**Task directions**.
Beginning at the line containing "- พยากรณ์อากาศ 24", give again every line through the end of the data, unchanged and with both ends included. Drop any pictures.

**Given data**.
━━━
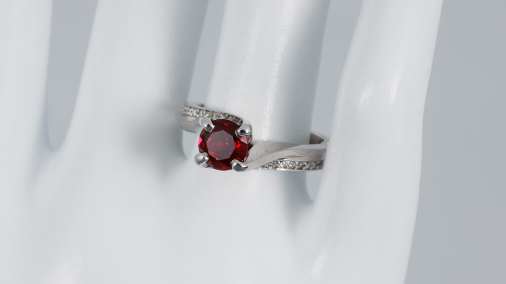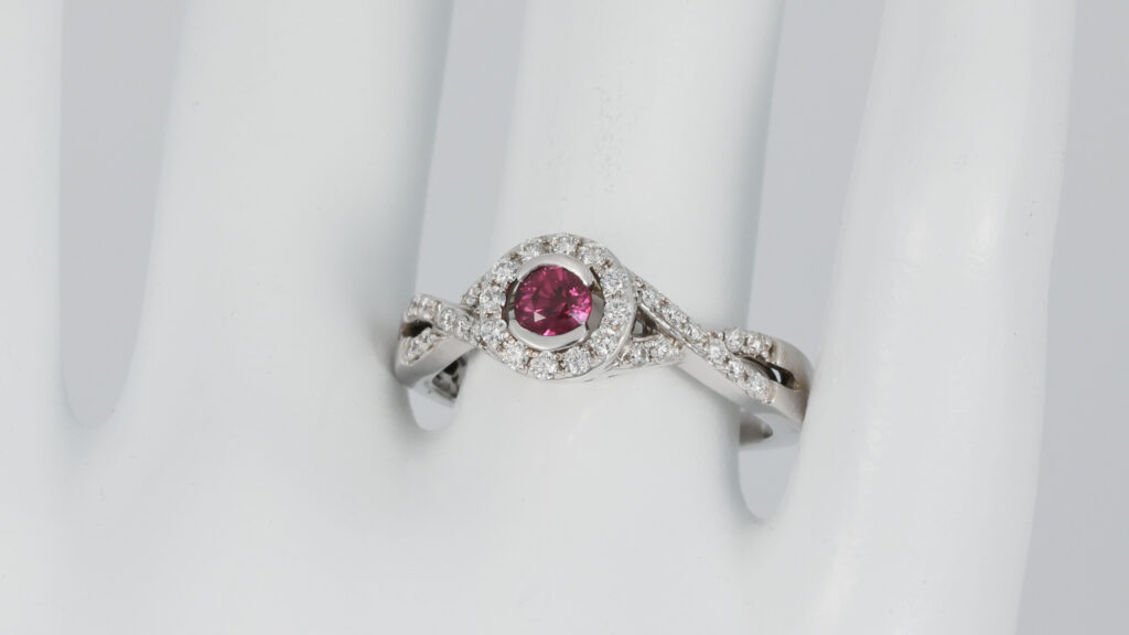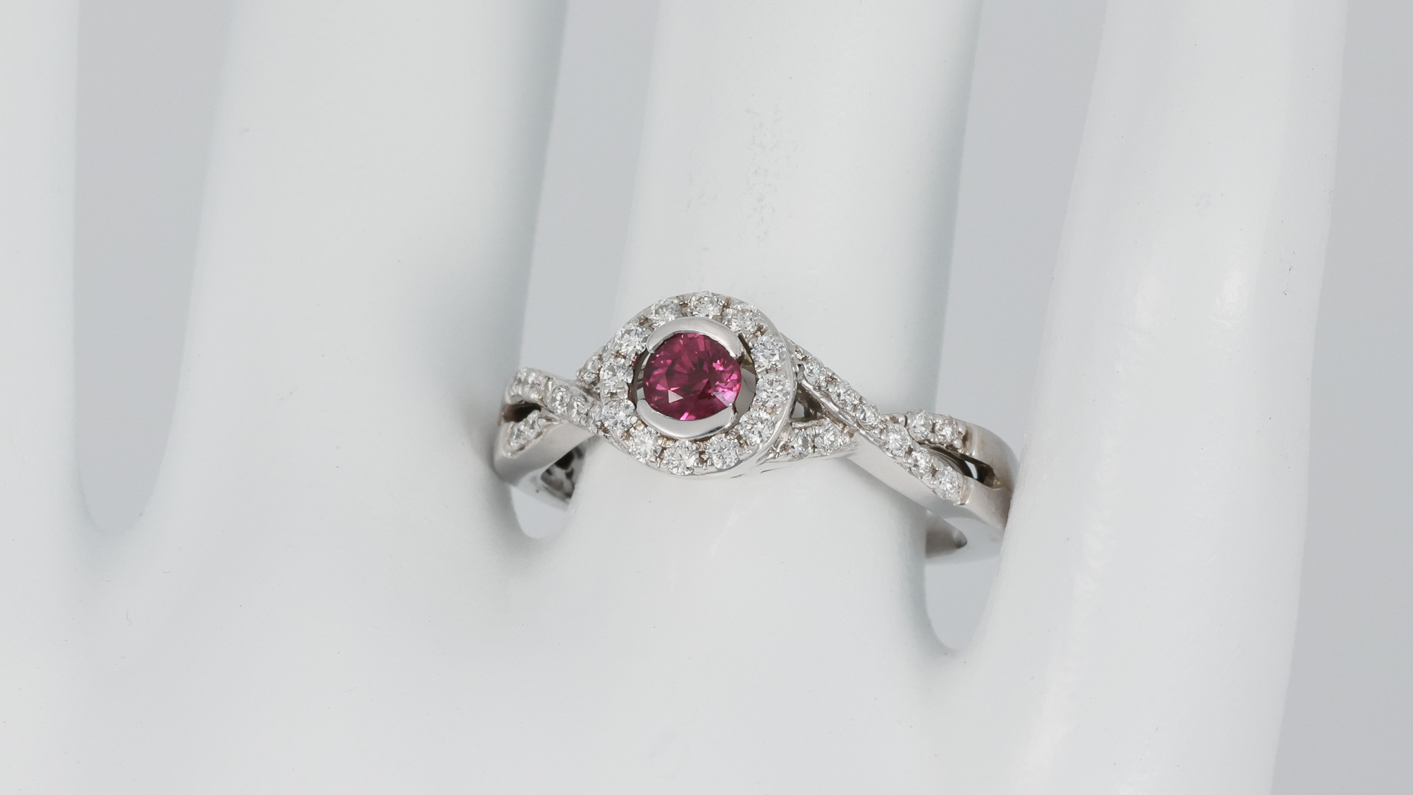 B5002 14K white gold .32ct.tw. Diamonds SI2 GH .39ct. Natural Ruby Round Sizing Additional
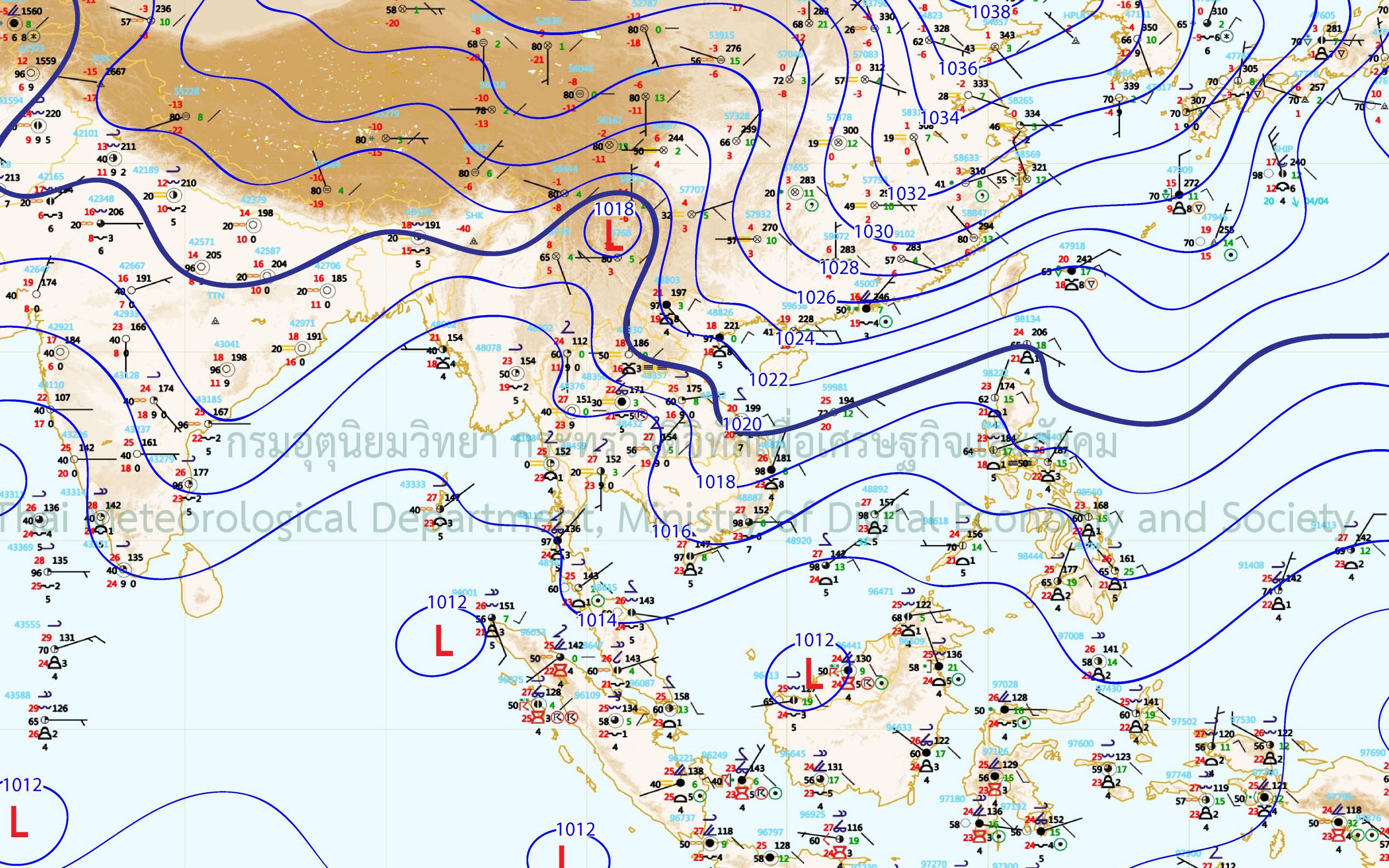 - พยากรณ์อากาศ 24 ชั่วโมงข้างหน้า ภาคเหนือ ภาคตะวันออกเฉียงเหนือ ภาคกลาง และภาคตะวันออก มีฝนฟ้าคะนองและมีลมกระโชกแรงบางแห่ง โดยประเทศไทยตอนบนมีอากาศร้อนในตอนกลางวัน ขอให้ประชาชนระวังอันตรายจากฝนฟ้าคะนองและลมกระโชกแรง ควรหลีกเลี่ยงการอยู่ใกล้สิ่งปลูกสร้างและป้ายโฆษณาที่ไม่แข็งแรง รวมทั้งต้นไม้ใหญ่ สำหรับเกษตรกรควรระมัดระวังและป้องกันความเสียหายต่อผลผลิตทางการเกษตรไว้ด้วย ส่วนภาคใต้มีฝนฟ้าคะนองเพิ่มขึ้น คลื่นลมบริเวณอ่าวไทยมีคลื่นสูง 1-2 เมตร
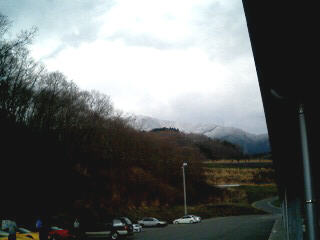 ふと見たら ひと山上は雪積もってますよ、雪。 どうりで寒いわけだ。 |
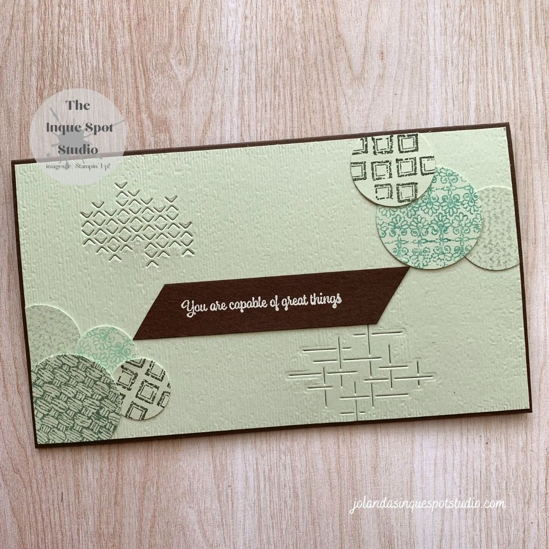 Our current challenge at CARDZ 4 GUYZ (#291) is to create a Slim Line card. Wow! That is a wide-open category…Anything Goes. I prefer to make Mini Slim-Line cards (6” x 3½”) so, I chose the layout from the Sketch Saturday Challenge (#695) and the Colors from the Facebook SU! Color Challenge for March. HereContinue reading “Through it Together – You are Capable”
━━━
**Answer to this task**.
 - พยากรณ์อากาศ 24 ชั่วโมงข้างหน้า ภาคเหนือ ภาคตะวันออกเฉียงเหนือ ภาคกลาง และภาคตะวันออก มีฝนฟ้าคะนองและมีลมกระโชกแรงบางแห่ง โดยประเทศไทยตอนบนมีอากาศร้อนในตอนกลางวัน ขอให้ประชาชนระวังอันตรายจากฝนฟ้าคะนองและลมกระโชกแรง ควรหลีกเลี่ยงการอยู่ใกล้สิ่งปลูกสร้างและป้ายโฆษณาที่ไม่แข็งแรง รวมทั้งต้นไม้ใหญ่ สำหรับเกษตรกรควรระมัดระวังและป้องกันความเสียหายต่อผลผลิตทางการเกษตรไว้ด้วย ส่วนภาคใต้มีฝนฟ้าคะนองเพิ่มขึ้น คลื่นลมบริเวณอ่าวไทยมีคลื่นสูง 1-2 เมตร
 ふと見たら ひと山上は雪積もってますよ、雪。 どうりで寒いわけだ。 |
 Our current challenge at CARDZ 4 GUYZ (#291) is to create a Slim Line card. Wow! That is a wide-open category…Anything Goes. I prefer to make Mini Slim-Line cards (6” x 3½”) so, I chose the layout from the Sketch Saturday Challenge (#695) and the Colors from the Facebook SU! Color Challenge for March. HereContinue reading “Through it Together – You are Capable”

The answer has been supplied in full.